TASK TO COMPLETE — Restate word for word the lines below that run from the one holding "El Ocho de Bastos" through the one holding "Svarta bootcut byxor", inclusive. Pictures don't belong in the copy.

EXTRACTED DATA —

....

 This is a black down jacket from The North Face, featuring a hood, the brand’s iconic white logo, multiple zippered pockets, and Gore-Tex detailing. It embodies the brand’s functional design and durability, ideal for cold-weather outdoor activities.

....

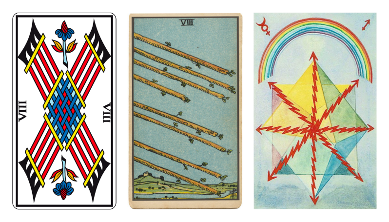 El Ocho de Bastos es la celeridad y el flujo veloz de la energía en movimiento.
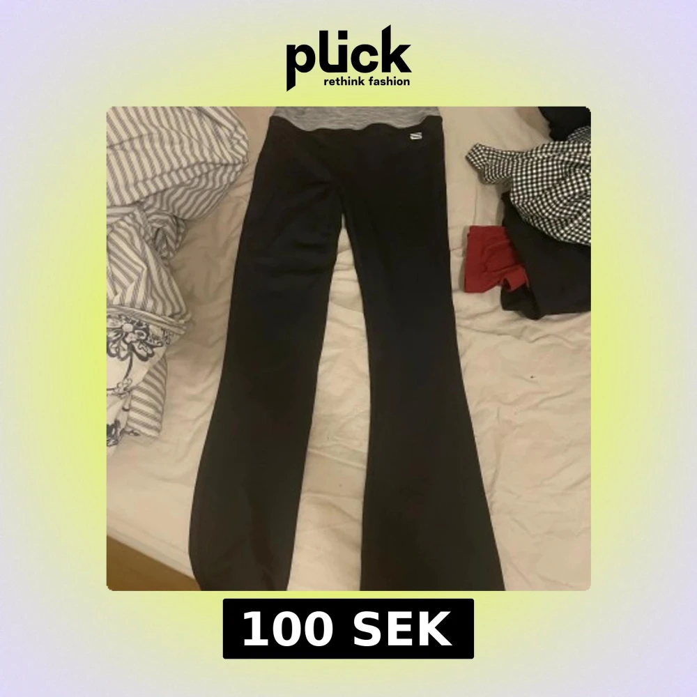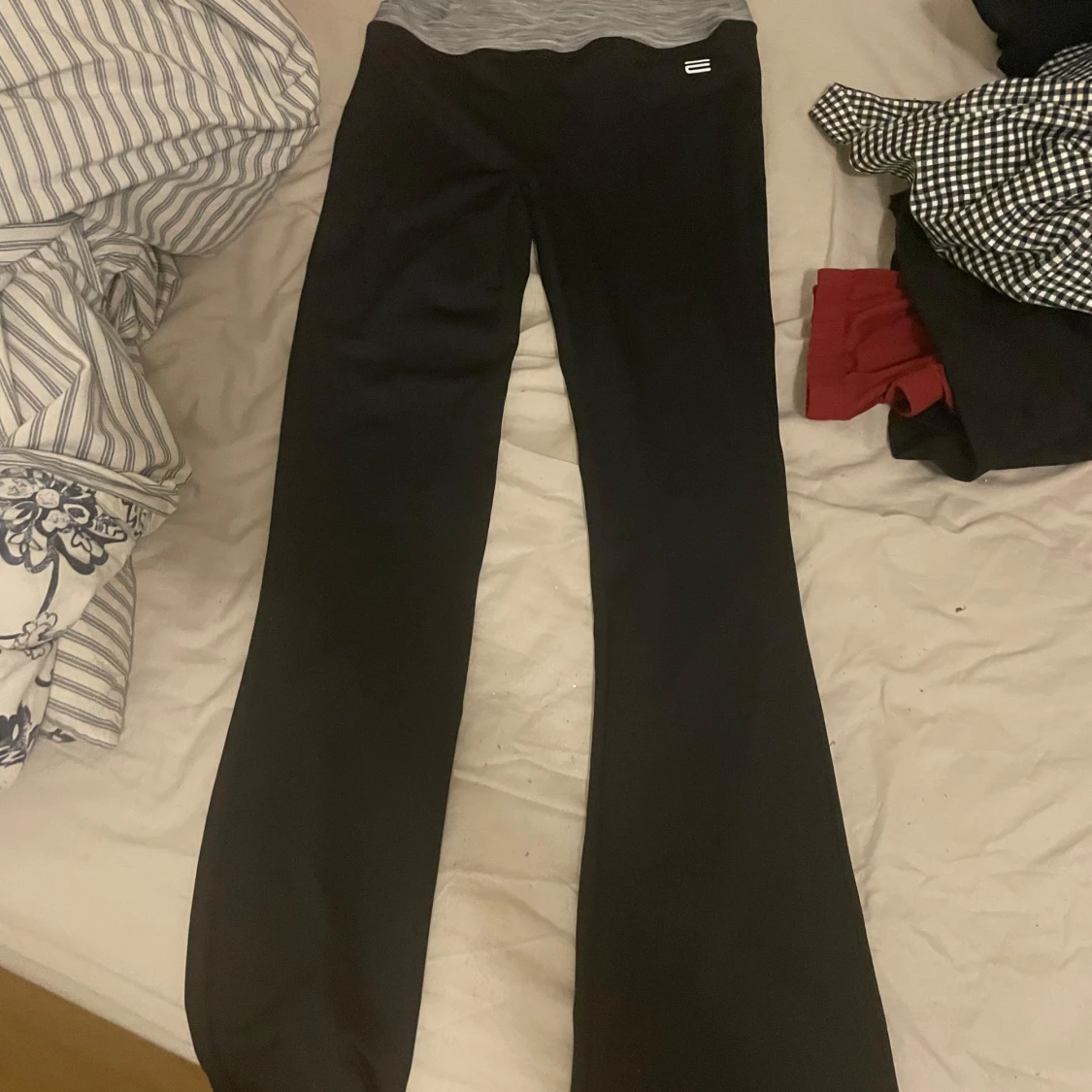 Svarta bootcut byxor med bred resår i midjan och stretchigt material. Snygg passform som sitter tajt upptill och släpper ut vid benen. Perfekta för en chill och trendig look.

....

RESPONSE TO THIS EXERCISE —
 El Ocho de Bastos es la celeridad y el flujo veloz de la energía en movimiento.
 Svarta bootcut byxor med bred resår i midjan och stretchigt material. Snygg passform som sitter tajt upptill och släpper ut vid benen. Perfekta för en chill och trendig look.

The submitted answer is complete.